The funding is part of OctoML’s effort to spread the influence of Apache TVM to more and more AI hardware. Also this month, OctoML announced a partnership with ARM Ltd., the U.K. company that is in the process of being bought by AI chip powerhouse Nvidia. That follows partnerships announced previously with Advanced Micro Devices and Qualcomm. Nvidia is also working with OctoML.

The ARM partnership is expected to spread use of OctoML’s service to the licensees of the ARM CPU core, which dominates mobile phones, networking and the Internet of Things.

The feedback loop will probably lead to other changes besides design of neural nets.

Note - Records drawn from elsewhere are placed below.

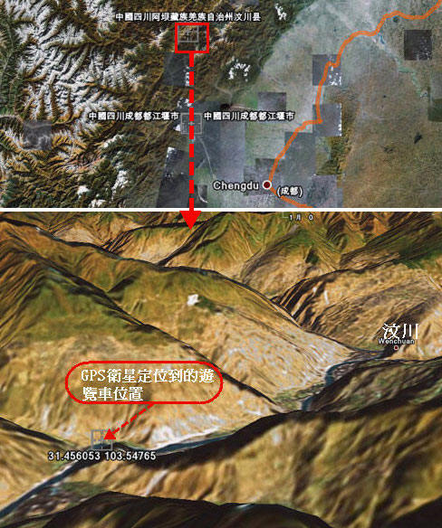 中新网5月16日电 四川地震后,台湾彰化祥鹤旅行社一行14人行踪成谜。据台湾《联合晚报》报道,透过团员搭乘的游览车上的GPS定位系统,确定了游览车的经纬度,在汶川铁矿附近。目前人在四川的旅行社总经理陈文义已将定位的位置交给当地的救灾指挥中心,希望能够优先抢救,尽速把年事已高的团员们找到。
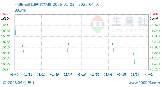 4月3日,生意社乙酰丙酮基准价为15375.00元/吨,与本月初持平。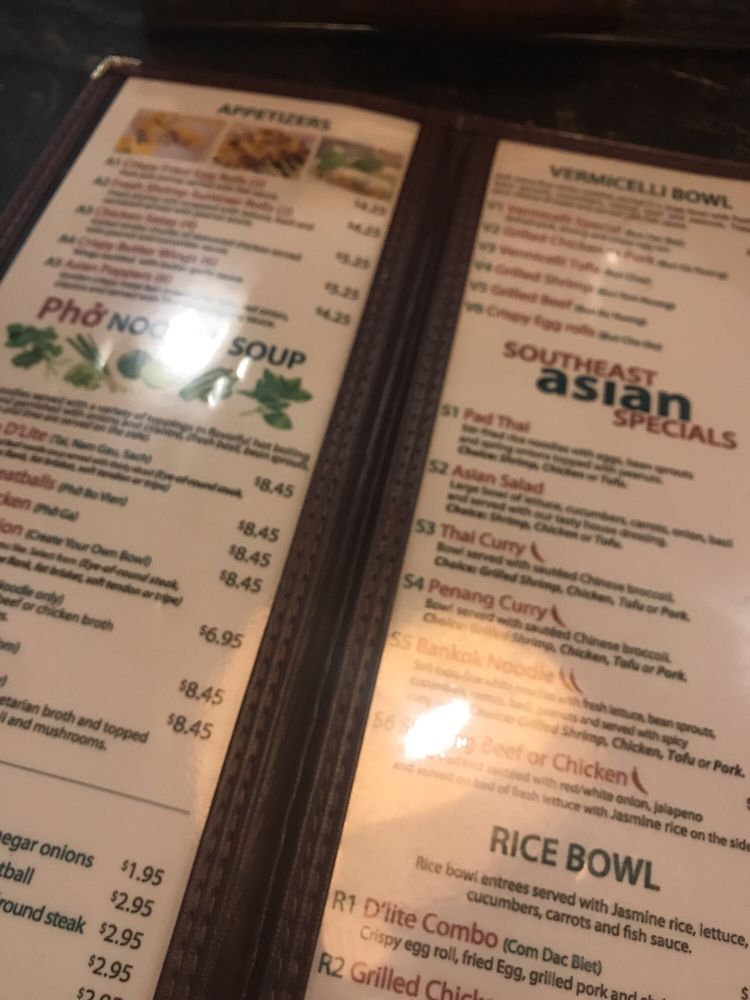 Located in Bowie, MD, Pho D’Lite offers a delightful blend of Asian Fusion, Thai, and Vietnamese cuisine. With a wide range of options including vegan and vegetarian choices, this restaurant is perfect for groups, families, and solo diners alike. The vibrant interior and courteous service create a welcoming atmosphere for all guests. Customer reviews rave about the attentive staff, particularly mentioning standout server Jason.

It may affect more broadly how ML is commercial deployed, which is, after all, the whole point of MLOps.

As optimization via TVM spreads, the technology could dramatically increase portability in ML serving, Ceze predicts. 

Because the cloud offers all kinds of trade-offs with all kinds of hardware offerings, being able to optimize on the fly for different hardware targets ultimately means being able to move more nimbly from one target to another.

“Essentially, being able to squeeze more performance out of any hardware target in the cloud is useful because it gives more target flexibility,” is how Ceze described it. “Being able to optimize automatically gives portability, and portability gives choice.”

That includes running on any available hardware in a cloud configuration, but also choosing the hardware that happens to be cheaper for the same SLAs, such as latency, throughput and cost in dollars. 

With two machines that have equal latency on ResNet, for example, “you’ll always take the highest throughput per dollar,” the machine that’s more economical. “As long as I hit the SLAs, I want to run it as cheaply as possible.”